American cities would by late century face upheaval but the social and economic conflicts had already been raging in Europe since the early and mid-portions of the nineteenth century. One thinks of events like the Peterloo Massacre in 1819 – a British government desperate to quench any spark of revolution. Europe was also dealing with demographic stresses which again the US was able to avoid – at least in most cases, due to the seemingly endless room.
And with regard to the United Kingdom, the situation for Nonconformists or Dissenters, the Protestants outside the Anglican Church was also unique. With the Glorious Revolution of 1688 and the Bill of Rights issued the following year, their worship was tolerated. The Puritan social and political project was once and for all ended, but there was no longer a fear of persecution. This meant that Nonconformity was reduced to a kind of second-class citizenship. They could not hold political office and could not attend universities like Oxford and Cambridge but it was legally protected.
This situation began to change with the repeal of the Test and Corporations Act in 1828. This allowed nonconformists entry into government service.
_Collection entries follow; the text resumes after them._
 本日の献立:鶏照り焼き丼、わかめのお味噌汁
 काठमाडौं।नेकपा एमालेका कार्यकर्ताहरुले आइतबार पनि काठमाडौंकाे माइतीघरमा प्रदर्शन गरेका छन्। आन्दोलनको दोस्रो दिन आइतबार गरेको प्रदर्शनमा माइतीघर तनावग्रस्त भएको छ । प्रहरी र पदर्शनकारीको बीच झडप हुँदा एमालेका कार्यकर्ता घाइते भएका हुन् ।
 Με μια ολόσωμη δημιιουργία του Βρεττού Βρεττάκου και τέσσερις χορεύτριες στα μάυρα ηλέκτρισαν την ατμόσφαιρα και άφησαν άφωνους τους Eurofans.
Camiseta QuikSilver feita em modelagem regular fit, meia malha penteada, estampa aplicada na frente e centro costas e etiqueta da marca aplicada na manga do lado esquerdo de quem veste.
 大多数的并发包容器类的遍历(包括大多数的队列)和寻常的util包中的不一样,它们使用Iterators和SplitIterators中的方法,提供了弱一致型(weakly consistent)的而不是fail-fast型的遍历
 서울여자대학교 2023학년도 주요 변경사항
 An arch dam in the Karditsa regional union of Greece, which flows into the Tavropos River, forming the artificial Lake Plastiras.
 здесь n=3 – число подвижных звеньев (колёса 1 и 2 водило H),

This was followed by marriage laws in 1836 that allowed nonconformists to legally marry outside the Church of England and the repeal of compulsory taxes or rates paid to the Church in 1868. This trend continued as nonconformists became an important component in the growing move toward a liberal political platform leading them to eventually ally with the likes of Gladstone and Lloyd-George.
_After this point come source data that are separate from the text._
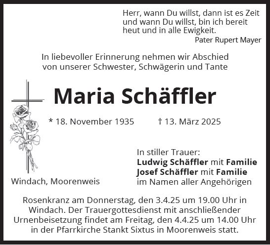 Wir trauern um Frau Maria Schäffler * 18.11.1935 † 13.03.2025 |
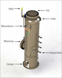 The vessel design ensures effective diffusion of the gas stream across the diameter of the solid media bed and optimal contact with the media by sizing for the appropriate gas velocity.
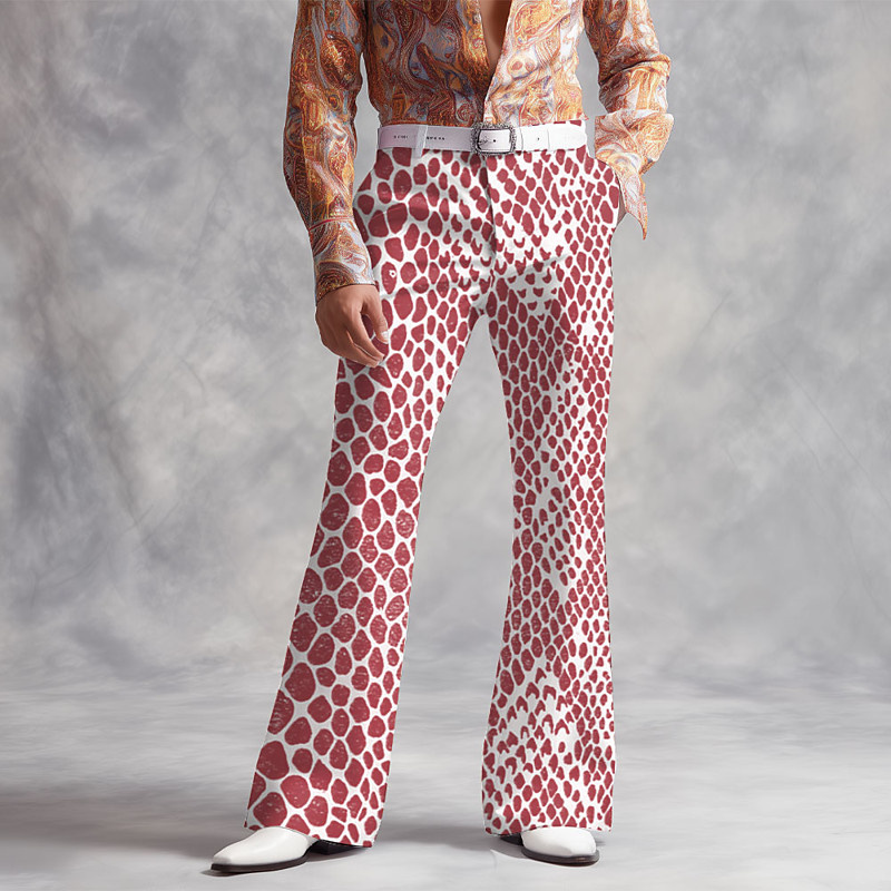 Men's Geometric Abstract Art Disco Pants 60s 70s Bell Bottoms Mid Waist Vintage Retro Outdoor Vacation Party Side Pockets Flared Leg Pants Trousers Spring Fall 3D Print Black And White White Red
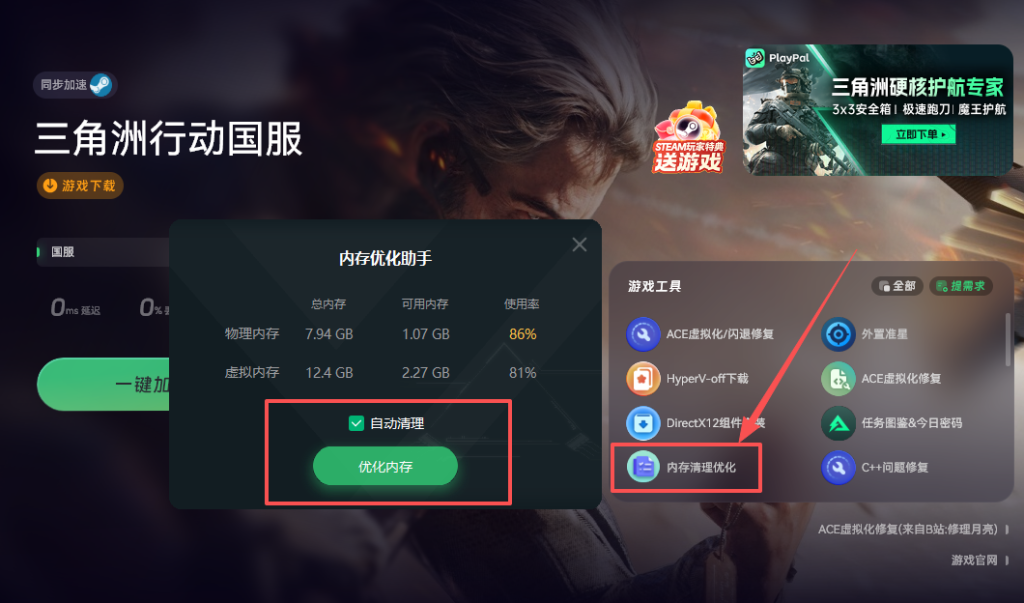 在打开《三角洲行动》过程中,打开奇游,搜索”三角洲行动”。优化电脑本地网络的环境,从而解决因网络问题导致的游戏闪退、卡死、崩溃、蓝屏等情况,顺利解决问题。手机党也有福利,奇游有手机加速版,加速页面能轻松切换,扫码就能得到 APP,随时随地加速都不会掉线。
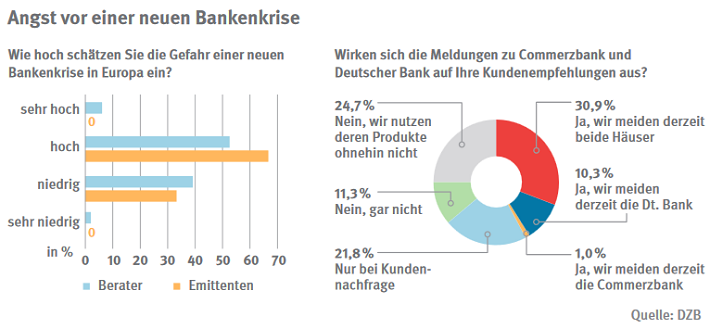Die Krise bei der Commerzbank und der Deutschen Bank wirkt sich auch auf den Vertrieb ihrer Finanzprodukte aus. Einige Bankberater sehen die Entwicklung der beiden deutschen Großbanken kritisch und empfehlen keine Zertifikate mehr, die von einem der beiden Banken als Emittent angeboten werden. Laut einer Umfrage des Magazins DER ZERTIFIKATEBERATER macht mittlerweile jeder dritte Berater bei Kundenempfehlungen einen Bogen um Zertifikate der beiden Emittenten.

Biblically-oriented Christianity on the continent emerged in the nineteenth century as a scattered remnant struggling to retain its identity in a sea of political upheaval and vibrant but declining Roman Catholicism. They wistfully looked back on the past and tried to recapture and retain something of its memory.
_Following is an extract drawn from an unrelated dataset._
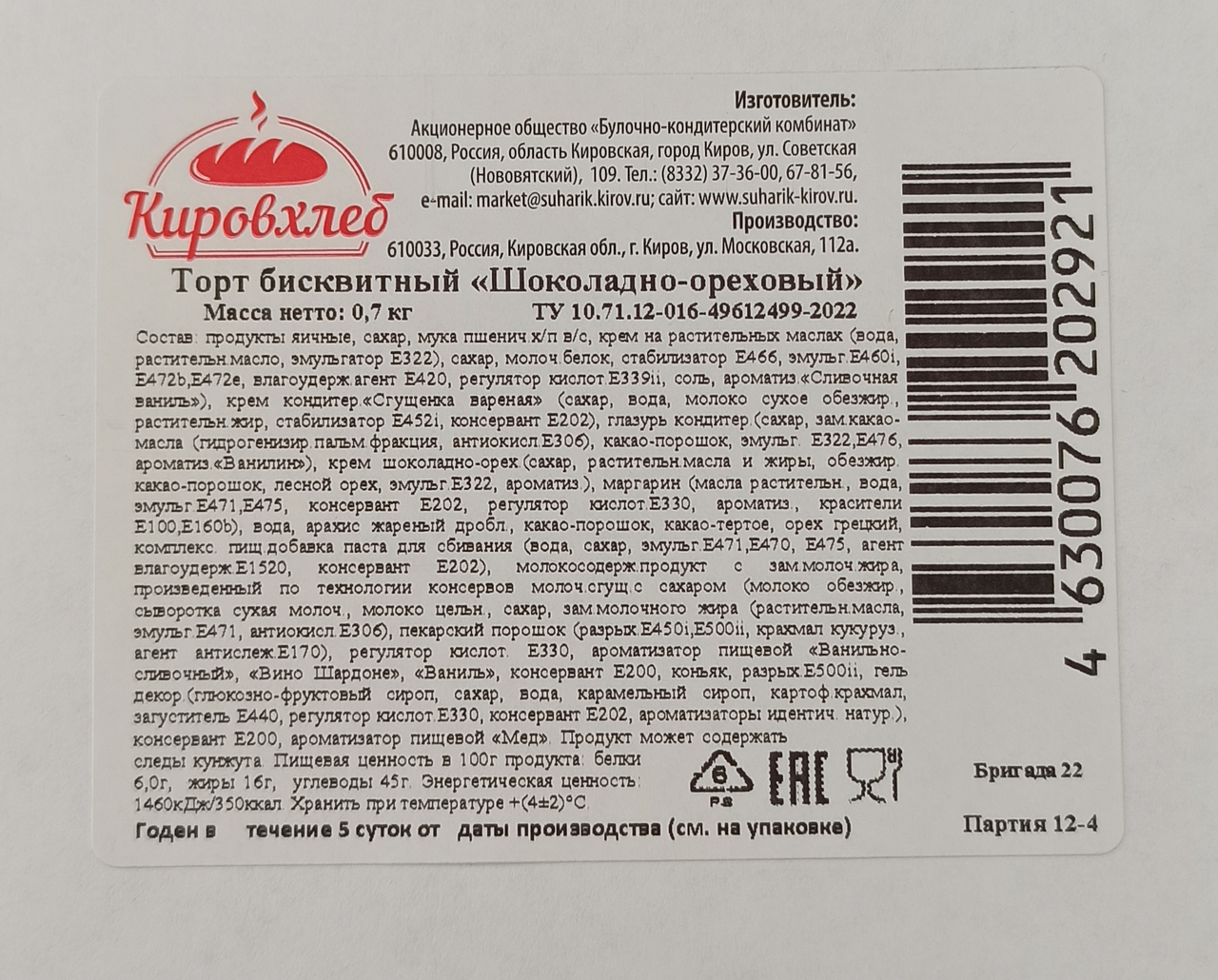 Торт БКК Шоколадно-ореховый, 700г — это нежное бисквитное тесто со сладкой начинкой с добавлением вареного сгущенного молока и арахиса. Сверху торт декорирован слоем шоколадной глазури и мелкой ореховой россыпью. Угощение прекрасно дополнит чашечку свежесваренного кофе или ароматного чая.

American Christianity was forward looking and in a friendly and economically prosperous climate it quickly adapted and assimilated the values of the host culture. This was largely true even of the groups that tried to retain historical expressions of the faith. Old prejudices (at least in terms of Christianity) were softened by the distance of time and geography and in the face of the kind of pragmatism that often ruled on the frontier.
One cannot be but sympathetic with the European situation though at times a more robust and nonconformist streak might be wished for. It is amazing though when one dives a little deeper into the social situation to discover just how oppressive and intolerant Europe remained even into the twentieth century. In this case I am referring to religious terms, the tolerance of independent church works and the like – a point I hope to visit in another upcoming article.
In the United States, one is forced to sigh in despair and drink deep of the irony. The land that was the refuge for Christians fleeing the troubles of the Old World created a cultural climate in which defenses were dropped, vigilance failed, and prosperity seduced. The sheer magnitude of building a new civilisation across a continent consumed men – work and money dominated thought, in some cases more than anything else. Christianity was ubiquitous and ambitious, but increasingly an empty form subjugated to the dominant and largely unchallenged American ideology. Absent the conflicts of old Europe that forced men to wrestle with their faith and reckon with the consequences, the struggles of daily life became questions of economics and the pseudo-dilemmas of progress. The inroads made by Freemasonry into Protestantism also testify to this compromise and syncretism – which remains a problem in some quarters.